Session H10: Focus Session: Optical Properties of Nanostructures I: Quantum Dots

Coherent Optical Phenomena in Quantum Dots

The quantum confinement provided by a semiconductor quantum dot suppresses much of the many body physics associated with the coherent nonlinear optical response observed in higher dimensional systems. This makes them attractive for potential device applications where atomic like properties, such as high Q resonances, strong optical interactions, or long quantum coherence times, could be important. In this talk, we present recent results demonstrating high field effects beyond Rabi oscillations including the Mollow absorption spectrum showing gain without inversion, dark state formation in single electron doped dots, and suppression of nuclear fluctuations by the hyperfine interaction leading to longer electron spin coherence times.   

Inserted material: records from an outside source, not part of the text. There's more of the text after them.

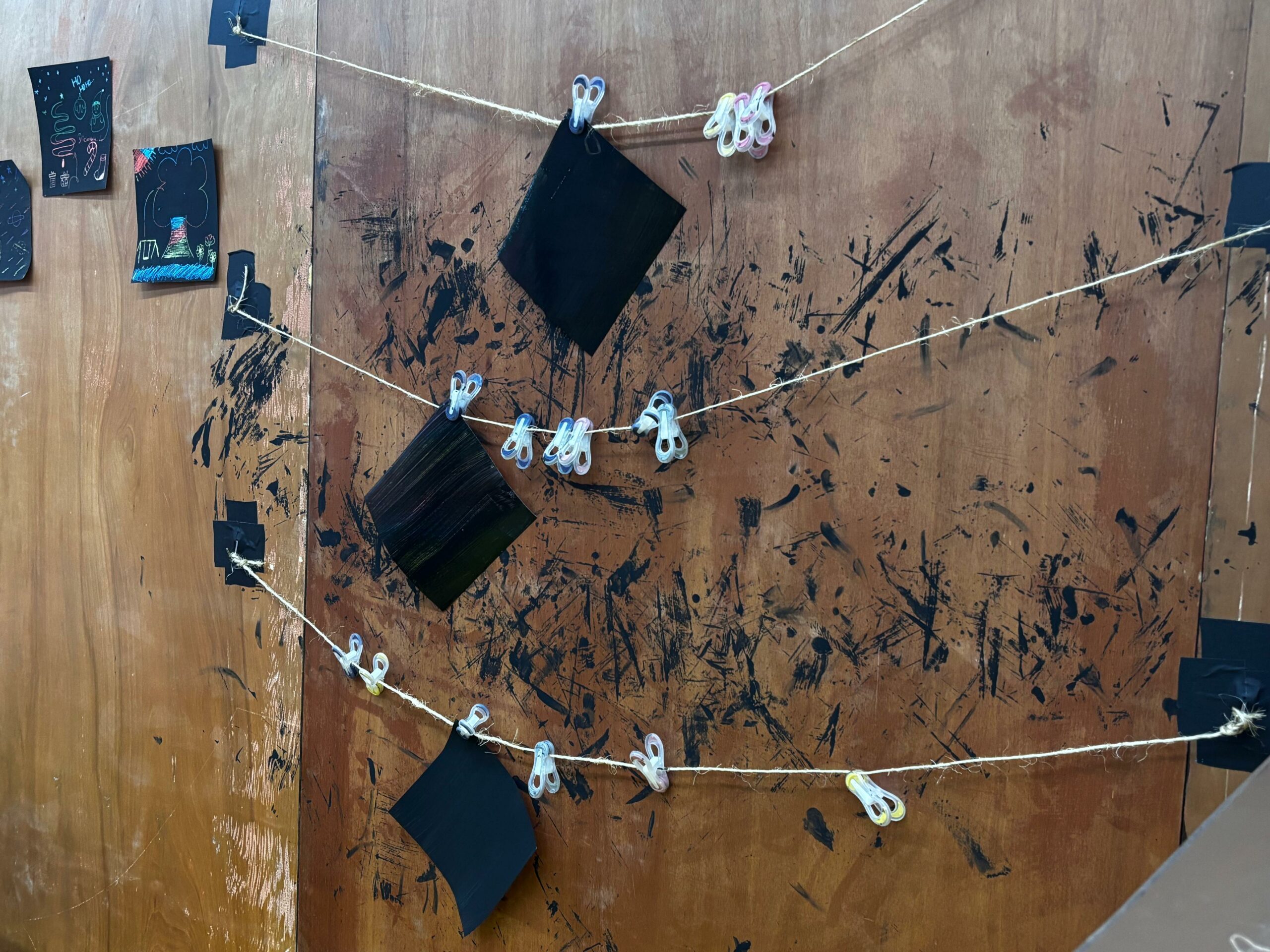 A través de esta dinámica cada niña y niño genera una imagen que emerge poco a poco al raspar la capa negra, revelando los colores que eligieron previamente.
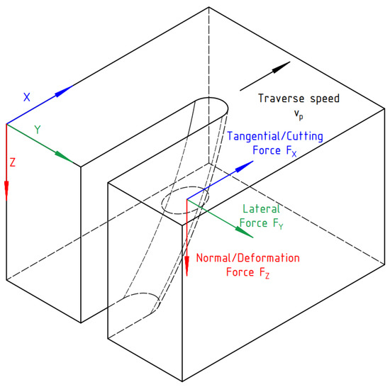 When talking about exerted forces, we recognize three components. Those components denoted in the Cartesian system are forces in x-, y-, and z-axes. Force in the x-axis, called the tangential force (TF), acts in the direction of the traversal speed. Force in the y-axis, called the lateral force (LF), acts in the same plane perpendicularly to the tangential force. Force in the z-axis, called the normal force (NF), usually acts in the direction of the flow of the water jet and it is perpendicular to both the tangential and the lateral force. The tangential force should coincide with the cutting force (CF). The lateral force values usually vary around 50–100 times lower than those of the tangential force [25]. The normal force corresponds with the deformation force (DF). The directions of the exerted forces are sketched in Figure 1.
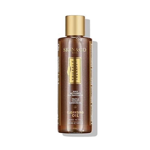 The truffle therapy cleansing oil is a biphasic formula featuring 20 percent of skin and co s proprietary truffle extract. Free from parabens, phthalates and mineral oils, this exclusive cleansing oil is strong enough to remove waterproof makeup, while delicately cleansing the skin. Additional skin soothing ingredients that can be found in our deep cleansing formula are sweet almond oil, organic Argan oil and rose extracts.
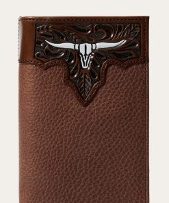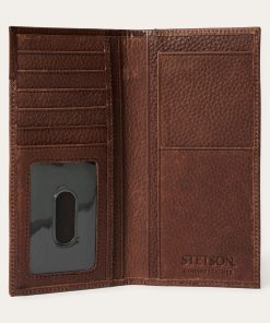 Made from top-grain leather, this checkbook wallet features brown pebble grain leather and with tooled veg tan leather overlay and embossed hand-painted steer head and Stetson logo. At once rugged and refined, each of our wallets embodies our legendary commitment to quality and attention to detail.
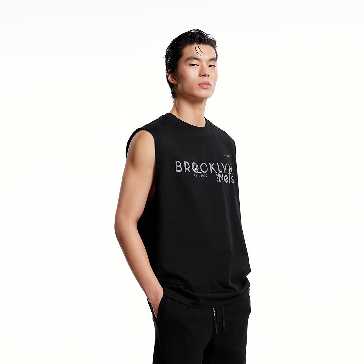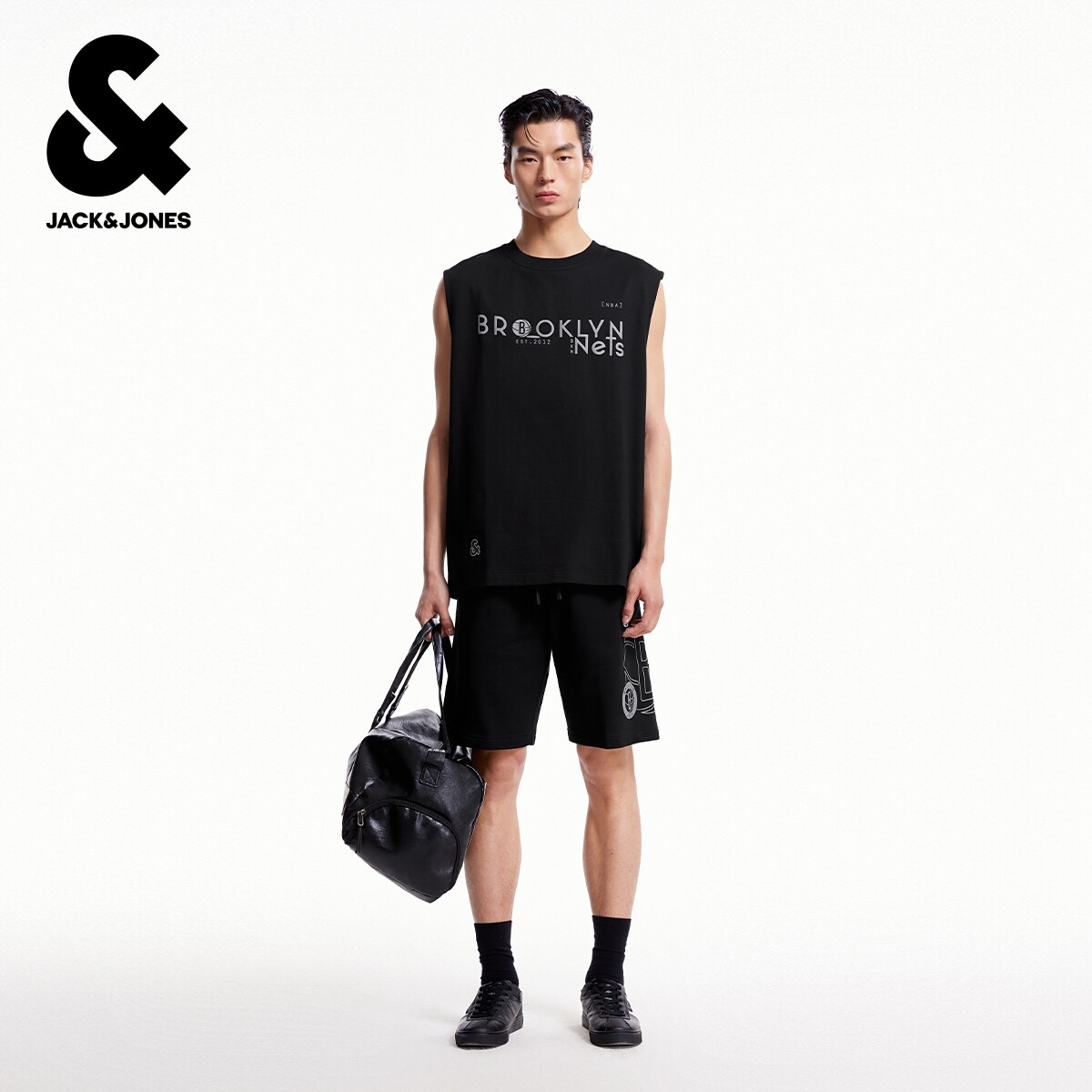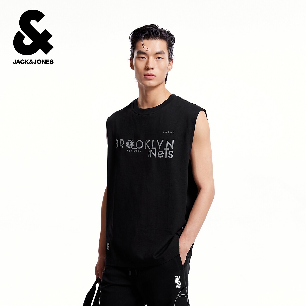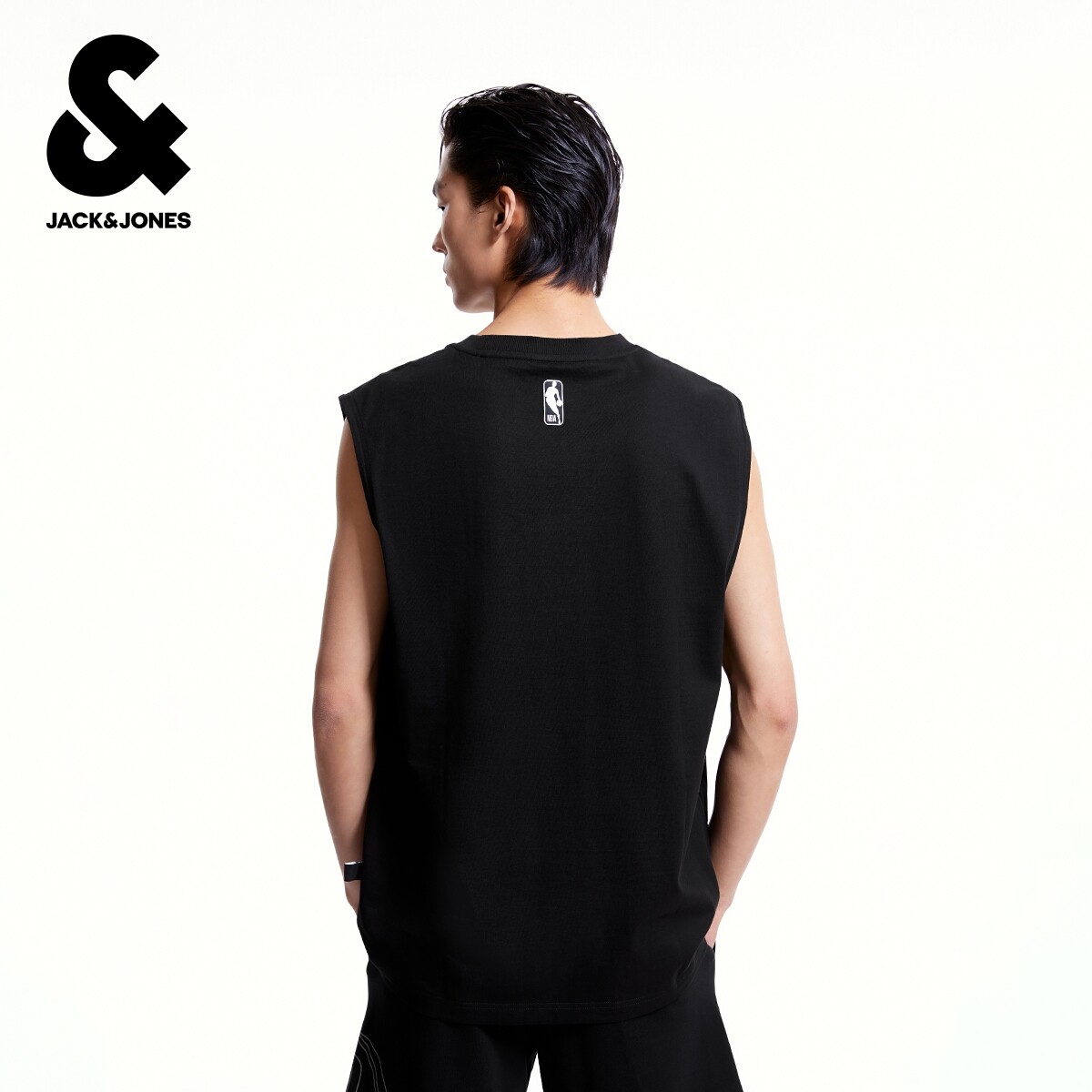 杰克琼斯NBA联名春季男装背心舒适篮球潮肌理感字母胶印上衣短袖
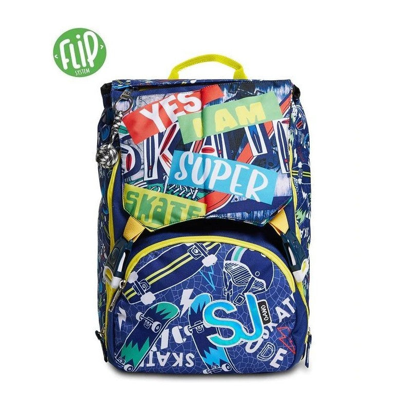 - Sono il sorprendente zaino estensibile SJ Gang! Mi piace unire il gioco e la comodità per affrontare insieme a te la scuola. Sono dotato di un charm e del FLIP SYSTEM: un sistema di pattine sfogliabili con diverse grafiche. Ti sembrerà di avere uno zaino sempre diverso! Ho un doppio scomparto, la cui capienza si può moltiplicare grazie alle zip laterali. Con lo schienale Ergosystem e gli spallacci imbottiti sono comodo da indossare, mentre il fondo integrato rende stabile la struttura.
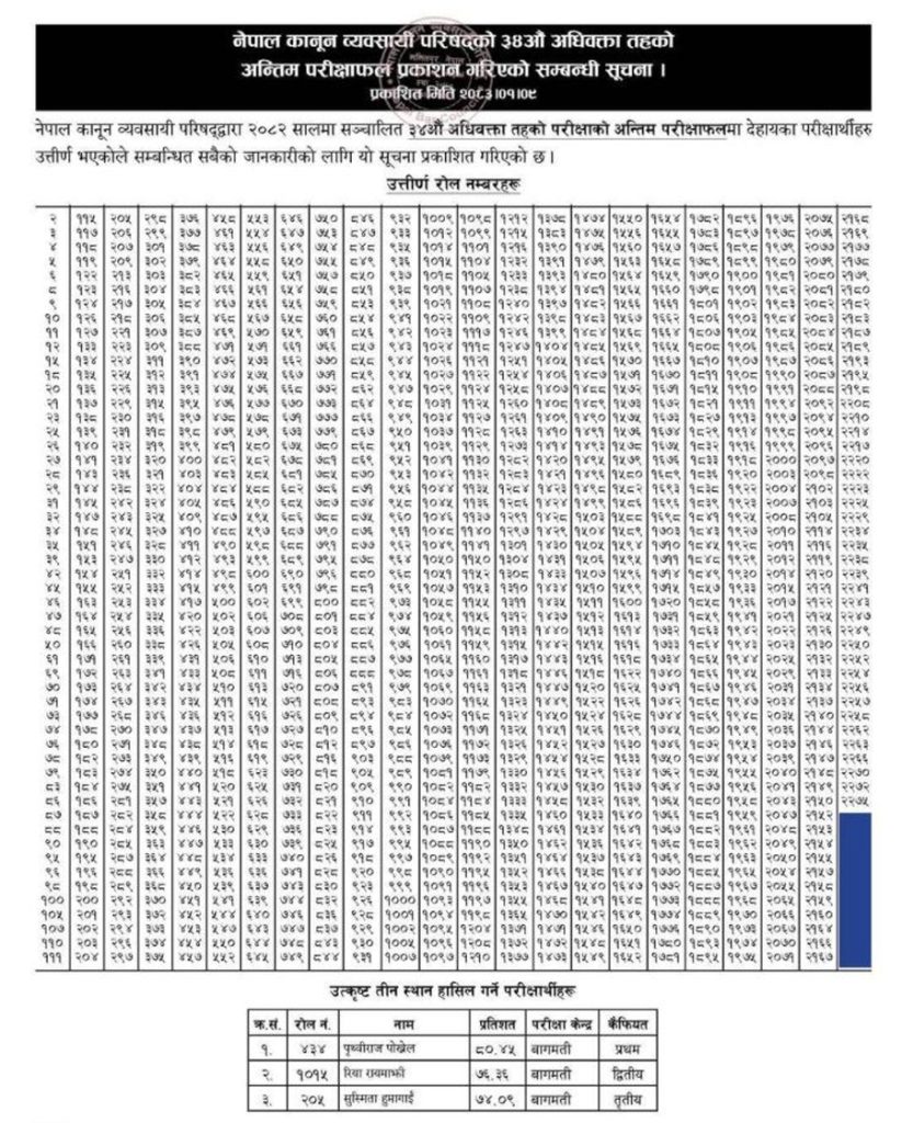 काठमाडौँ । नेपाल कानून व्यवसायी परिषद (बार काउन्सिल)ले लिएको यस वर्षको परीक्षाको नतिजा प्रकाशित भएको छ । प्रकाशित नतिजा अनुसार यस वर्ष देशमा १२७४ जना नयाँ कानून व्यवसायीहरु थपिएका छन् ।

Creating an artificial periodic table using quantum dots

Confinement of carriers in quantum dots results in hydrogenic like states for the exciton. Thus a single excitation in a quantum dot bears resemblance to a hydrogen atom; these materials are often referred to as ``artificial atoms.'' A pair of excitons will form a four body biexciton, akin to a helium atom. The excitonic `He atom should have an eigenstate spectrum in the vein of atomic orbitals. The eigenstate spectrum of the biexciton has remained elusive due to the ultrafast timescale of relaxation processes in quantum dots which mask observation of the excited states. Here, we show the first, direct observation of spectrum of states of the biexciton, completing the analogy of excitons in quantum dots to atomic and molecular systems. We report on the first observation of a biexciton Stokes shift, which we will discuss in terms of non-Aufbau filling and biexciton fine structure. The observation of biexciton Stokes shift underpins the physics of optical gain in quantum dots.   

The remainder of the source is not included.